Myelodysplastic syndromes/neoplasms (MDS) are a group of clonal myeloid malignancies characterized by ineffective hematopoiesis, cytopenias, and an increased risk of transformation to acute myeloid leukemia (AML). In lower-risk (LR) MDS, as defined by the revised and molecular international prognostic scoring systems (IPSS-R and IPSS-M), anemia is often the predominant clinical manifestation. Treatment strategies have traditionally focused on supportive care, including transfusion support and erythropoiesis stimulating agents (ESAs). While allogeneic hematopoietic stem cell transplantation remains the only potentially curative option for select patients, LR-MDS remain otherwise incurable with current therapies. With the exception of lenalidomide which was approved in 2005 in USA, therapeutic advancements in LR-MDS have stalled for almost 15 years. Progress has been limited by the disease's inherent complexity, indolent nature, and significant heterogeneity, as well as challenges in clinical trial design and execution. Recent advances in gene sequencing and molecular analyses have significantly increased our understanding of disease biology. These insights, coupled with collaborative efforts across the academic community, have led to meaningful shifts in classification, prognostication, and response assessment paradigms in LR-MDS. This evolution has led to a number of approvals, including luspatercept approved in 2020, and imetelstat, which was approved in 2024 in USA. As the therapeutic landscape of LR-MDS continues to evolve, there is growing optimism that these recent milestones will pave the way for further advancements and improved patient outcomes.
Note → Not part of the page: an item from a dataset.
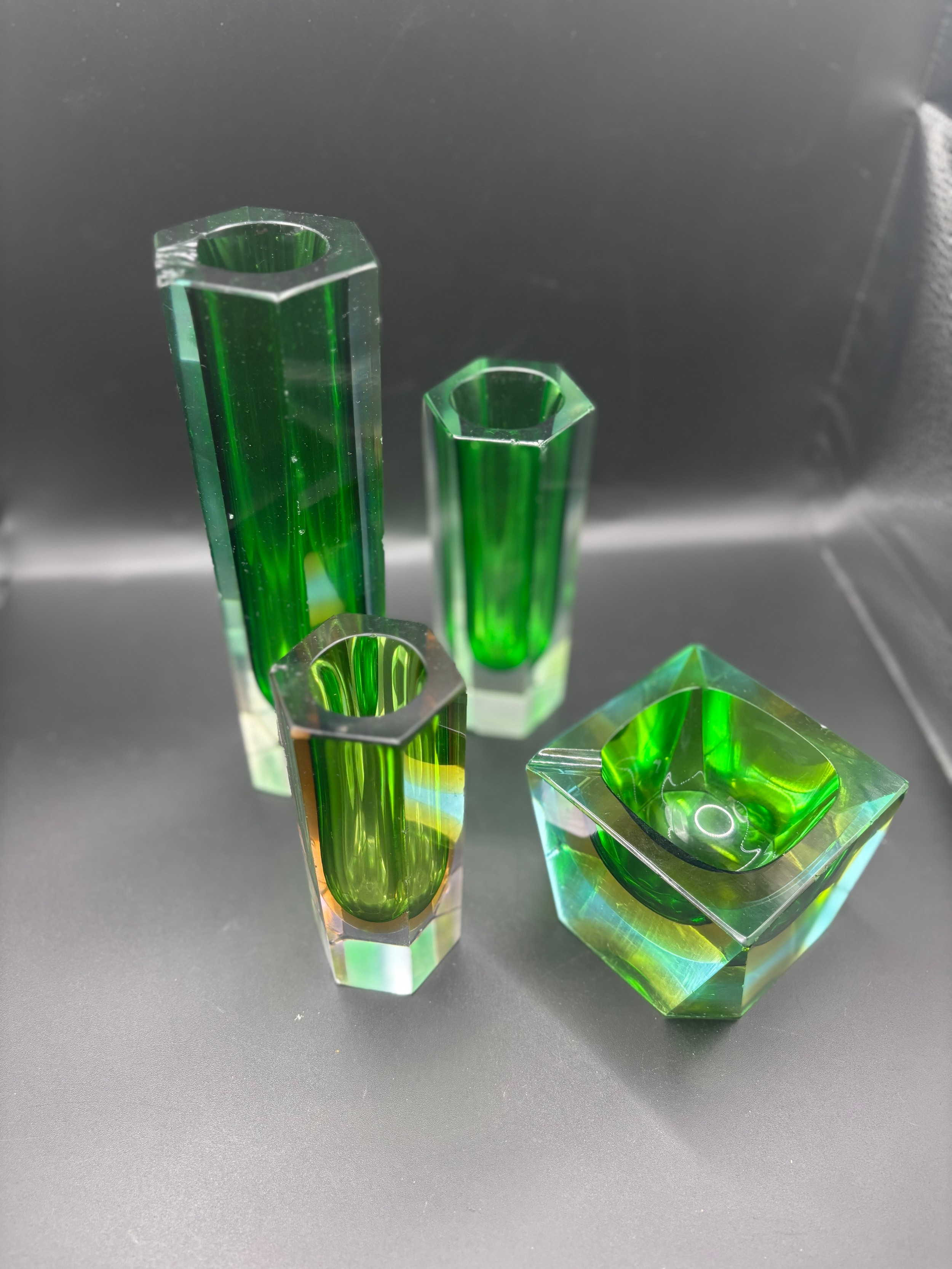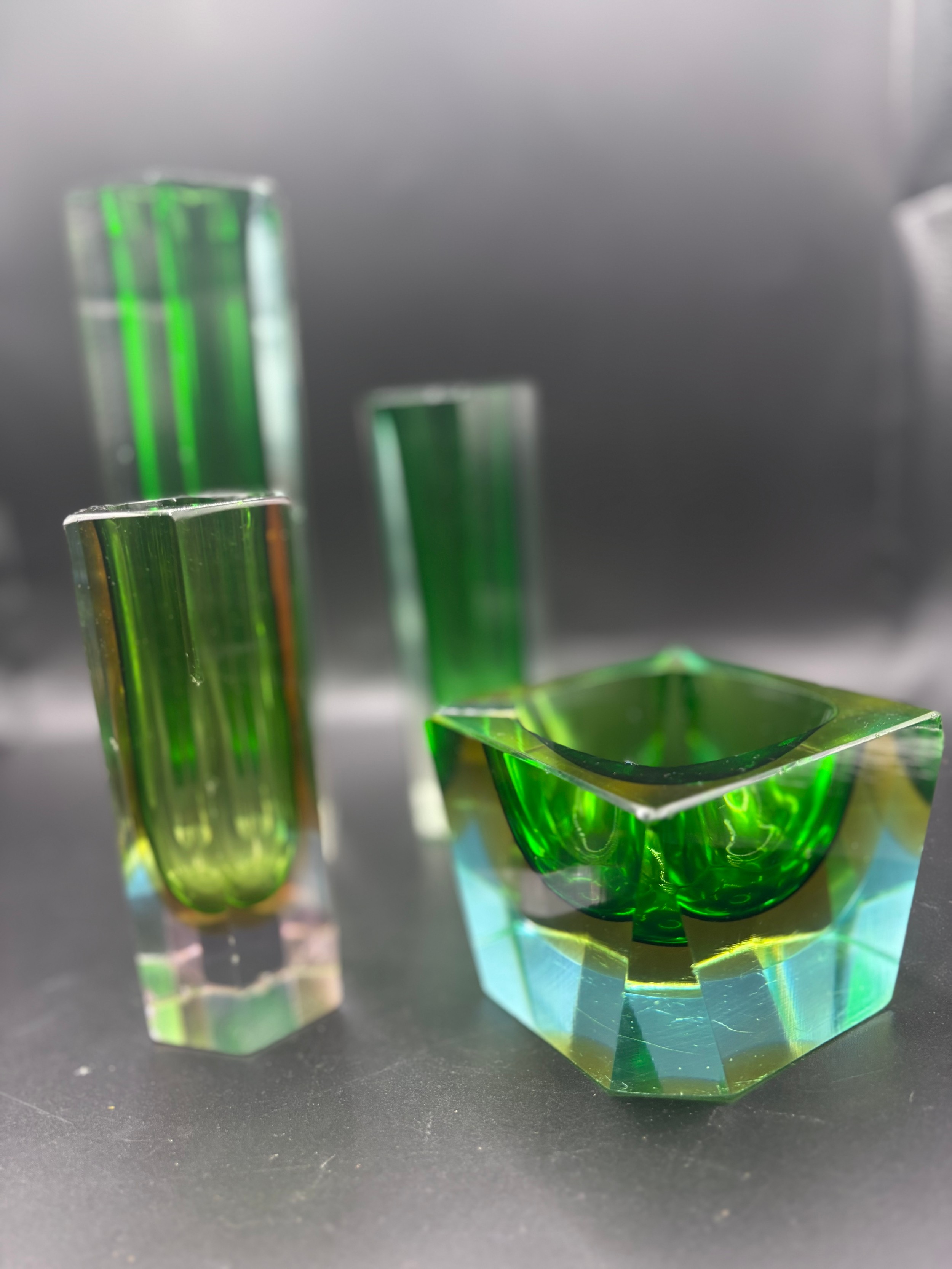 Modern Murano Glass vases & ashtray. Fair condition, some damage see pictures.

Next set of studies should focus on the optimal sequencing and combinations of existing agents, as well as moving forward novel effective agents.

摘要

骨髓增生异常综合征/肿瘤(MDS)是一组克隆性髓系恶性肿瘤,其特征为造血无效、血细胞减少以及转化为急性髓系白血病(AML)的风险增加。在经修订的国际预后评分系统(IPSS-R)和分子国际预后评分系统(IPSS-M)所定义的低风险(LR)MDS中,贫血通常是主要的临床表现。传统的治疗策略主要集中在支持性治疗,包括输血支持和促红细胞生成素(ESA)。虽然异基因造血干细胞移植仍然是某些患者唯一可能治愈的选择,但LR-MDS目前的治疗方法仍无法治愈。除2005年在美国获批的来那度胺外,LR-MDS的治疗进展几乎停滞了15年。进展受限的原因包括疾病固有的复杂性、惰性本质和显著的异质性,以及临床试验设计和实施方面的挑战。基因测序和分子分析的最新进展显著增加了我们对疾病生物学的理解。这些见解,再加上学术界的共同努力,导致了LR-MDS在分类、预后和反应评估范式上的有意义转变。这一演变导致了多项批准,包括2020年获批的罗特西普,以及2024年在美国获批的imetelstat。随着LR-MDS的治疗格局不断演变,人们越来越乐观地认为,这些最近的里程碑将为进一步进展和改善患者预后铺平道路。接下来的一系列研究应专注于现有药物的最佳序贯和联合使用,以及推进新型有效药物的研发。